For over 170 years, the moat around the Tower of London has run dry—but this summer, in honor of the 100th anniversary of the beginning of World War I, visitors to the Tower will be met by a vast bed of blood-red poppies. Beginning August 5, 100 years to the day after Britain's declaration of war on Germany, volunteers will periodically plant the ceramic flowers in the Towers' moat, the final one being placed on November 11, another symbolic date that commemorates the armistice agreement that ended the war in 1918. All told, 888,246 poppies will flood the Tower's moat, equaling the number of British and Colonial soldiers who perished in the war.

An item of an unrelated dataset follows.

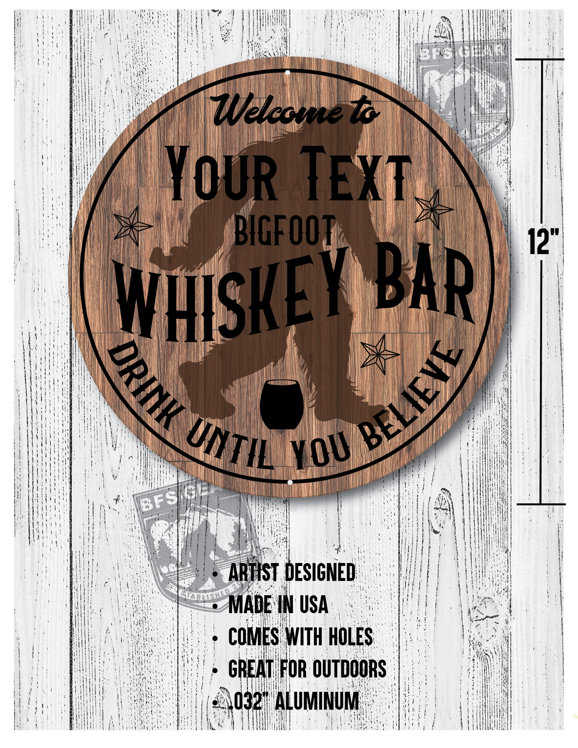 Personalized Bigfoot Whiskey Bar 12x12 Metal Sign

The project, titled Blood Swept Lands and Seas of Red, comes from the creative minds of ceramic artist Paul Cummins and stage designer Tom Piper. Cummins, who specializes in ceramic flowers, made each poppy by hand, a painstaking process which required around-the-clock work. Piper has been a designer with the Royal Shakespeare Company since 2004. The exhibition's title, Cummins notes, came from the final words of a British solider who lost his life in Flanders. "I don't know his name or where he was buried or anything about him," Cummins told the Guardian, "But this line he wrote, when everyone he knew was dead and everywhere around him was covered in blood, jumped out at me: 'The blood-swept lands and seas of red, where angels fear to tread.' I believe he meant the angels to refer to his children." Once the installation is taken down in November, each individual poppy will be available for purchase for £25 (roughly $42) and proceeds will be split among six different charities.

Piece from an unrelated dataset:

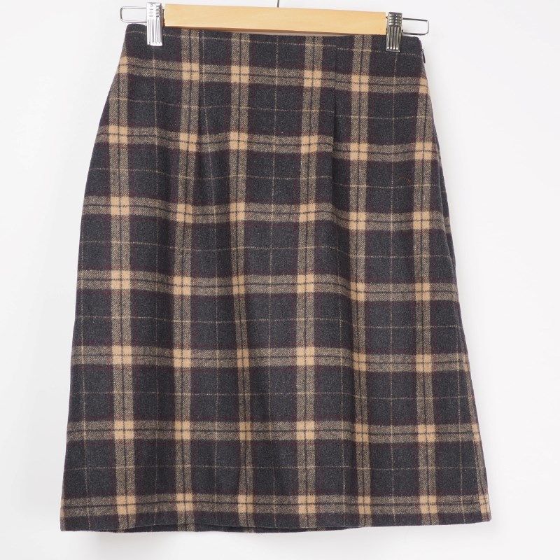 大柄のチェックなので、トップスはブラウスやカーディガンを合わせて女性らしく。
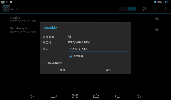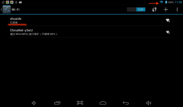 链接成功后,会在WiFi热点名字下面显示已连接,在显示屏的右上角时间的旁边,也有信号的强度标示。

Even before World War I, the poppy served as a symbol of life, death and rebirth, as their seeds can be buried in the Earth for years without blooming. The flowers only emerge when soil is churned and the seeds are brought closer to the surface. After the Napoleonic wars tore through Europe in the early 19th century, for example, fields of poppies sprung up over battlefields across the continent. In 1914, when fighting and explosive warfare again devastated lands through Europe, the flowers could be seen blooming anew, famously appearing in the fields around Flanders, an area of intense fighting near the Belgium/France border. In 1915, after presiding over the funeral of a friend who died in Second Battle of Ypres near Flanders, John McCrae, a Canadian poet and solider, wrote a famous poem inspired by the poppies of Flanders fields: 

In Flanders fields the poppies blow
Between the crosses, row on row,
That mark our place; and in the sky
The larks, still bravely singing, fly
Scarce heard amid the guns below.

We are the Dead. Short days ago
We lived, felt dawn, saw sunset glow,
Loved and were loved, and now we lie
In Flanders fields.

Take up our quarrel with the foe:
To you from failing hands we throw
The torch; be yours to hold it high.
If ye break faith with us who die
We shall not sleep, though poppies grow
In Flanders fields.

The poppy was adopted as the official flower of Veterans of Foreign Wars in 1922. It is also heavily associated with Remembrance Day (also known as Poppy Day) in England and other Commonwealth countries.